Parkinson disease is the second most common neurodegenerative disease in the elderly [1]. It is characterized by considerable striatal dopamine reduction and correlated motor deficits that are associated with skeletal muscle abnormalities [2]. Such skeletal muscle abnormalities are characteristic for Parkinson disease and include bradykinesia, akinesia, and at-rest tremors [3]. Parkinson disease can be induced in rodents by 1-methyl-4-phenyl-1,2,3,6-tetrahydropyridine (MPTP), which primes dopaminergic neurons to degenerate, causing significant dopamine depletion characteristic for PD [4-9].

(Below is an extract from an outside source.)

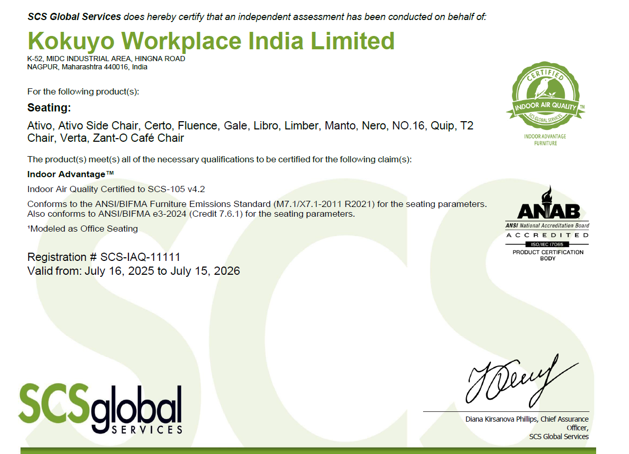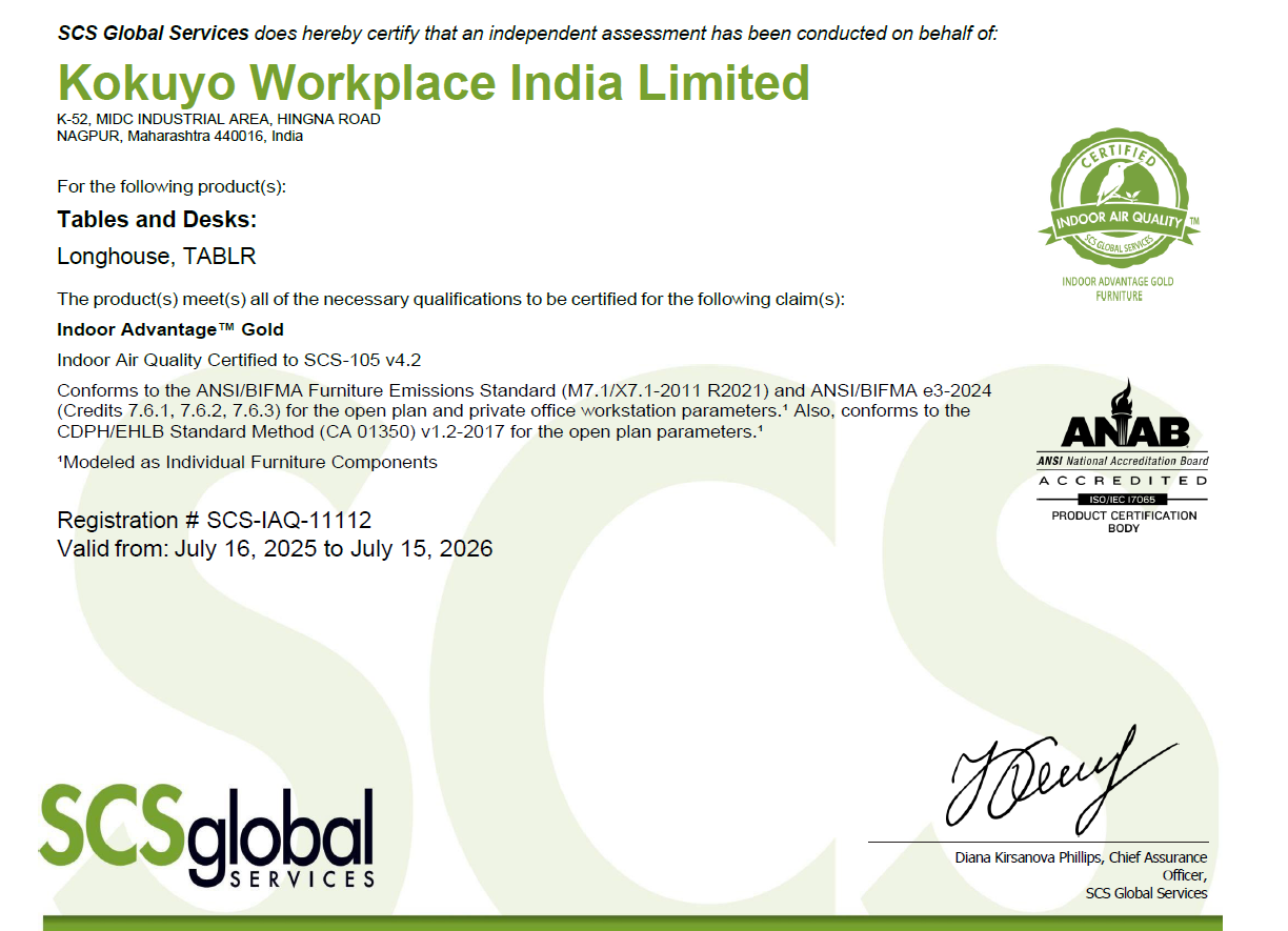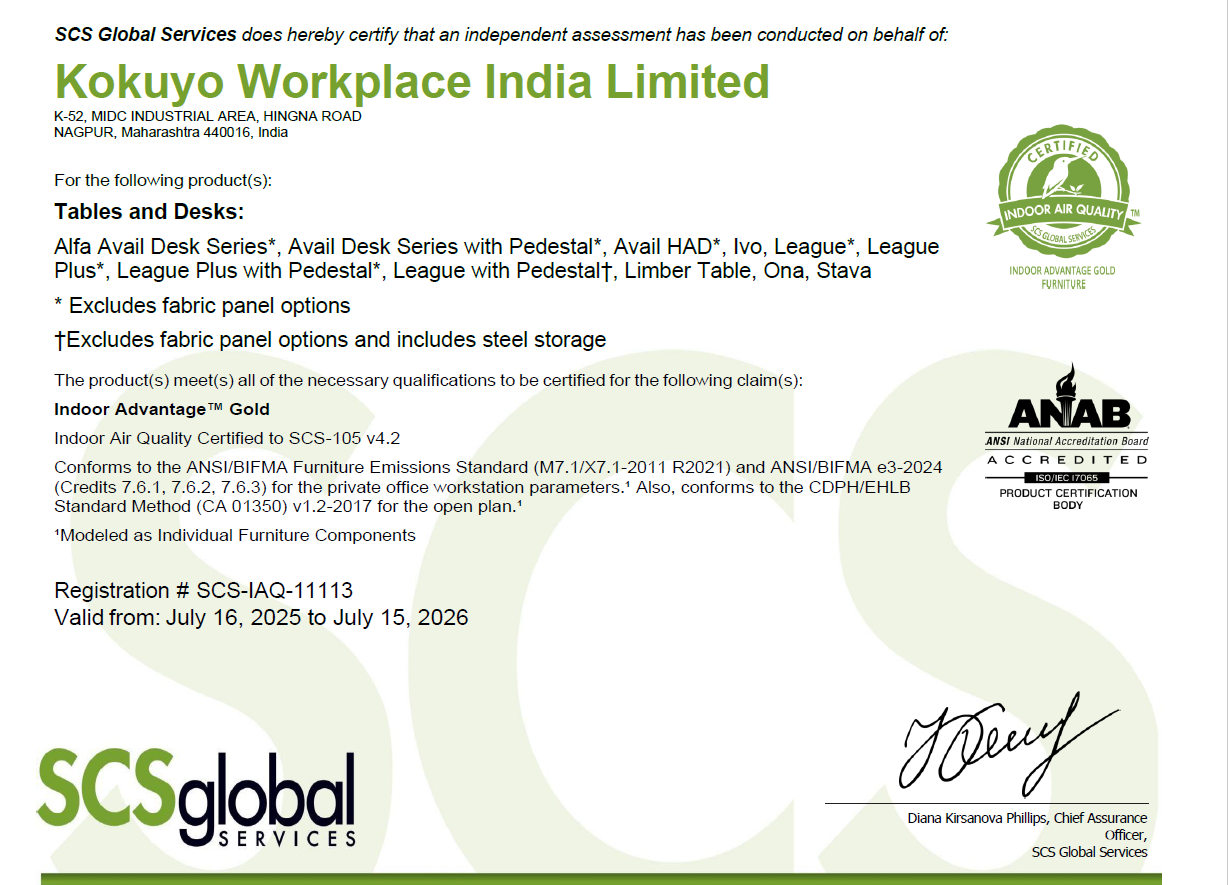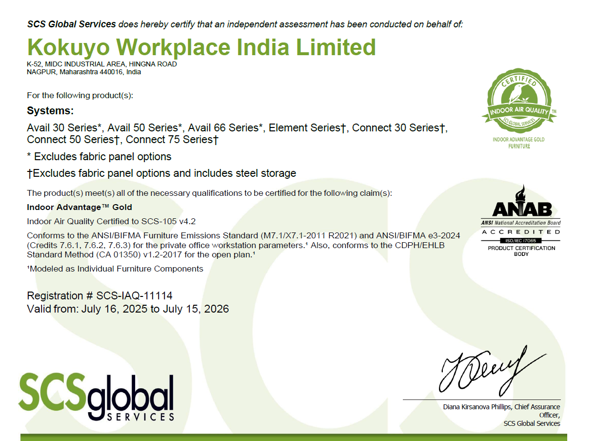 We at Kokuyo Workplace India Limited are committed to design and manufacture products that have

Interleukin 1 beta and TNF-α are proinflammatory cytokines that have been reported to be upregulated in the substantia nigra in both PD patients and MPTP-treated mice [10,11]. Both IL-1β and TNF-α have been shown to be involved in the neurodegeneration taking place in PD [12]. Studies have shown that these 2 cytokines also have been involved in the inflammation-induced muscle atrophy occurring in inflammatory diseases, such as congestive heart failure (CHF) [13,14]. Both IL-1β and TNF-α activate NF kappa B, which is a transcription factor [15,16]. NF kappa B exists in homodimeric or heterodimeric complexes that remain inactive in the cytoplasm of cells [17]. Once activated by cytokines, translocation of free NF kappa B dimers to the nucleus occurs, upregulating the expression of several genes that encode various proteins, including cytokines and muscle atrophy-promoting proteins [17]. A noticeable rise in NF kappa B activation was described in PD tissues, including the midbrain undergoing neurodegeneration, in humans and in animal models of PD [18-21]. Furthermore, NF kappa B plays a key role in the production of inflammatory mediators implicated in the dopaminergic neurotoxicity both in vitro and in vivo [21]. Indeed, administration of NF kappa B inhibitors has been reported to significantly protect the nigro striatum from MPTP-induced neurodegeneration, leading to improved dopamine production and amelioration in the locomotor function [22,23].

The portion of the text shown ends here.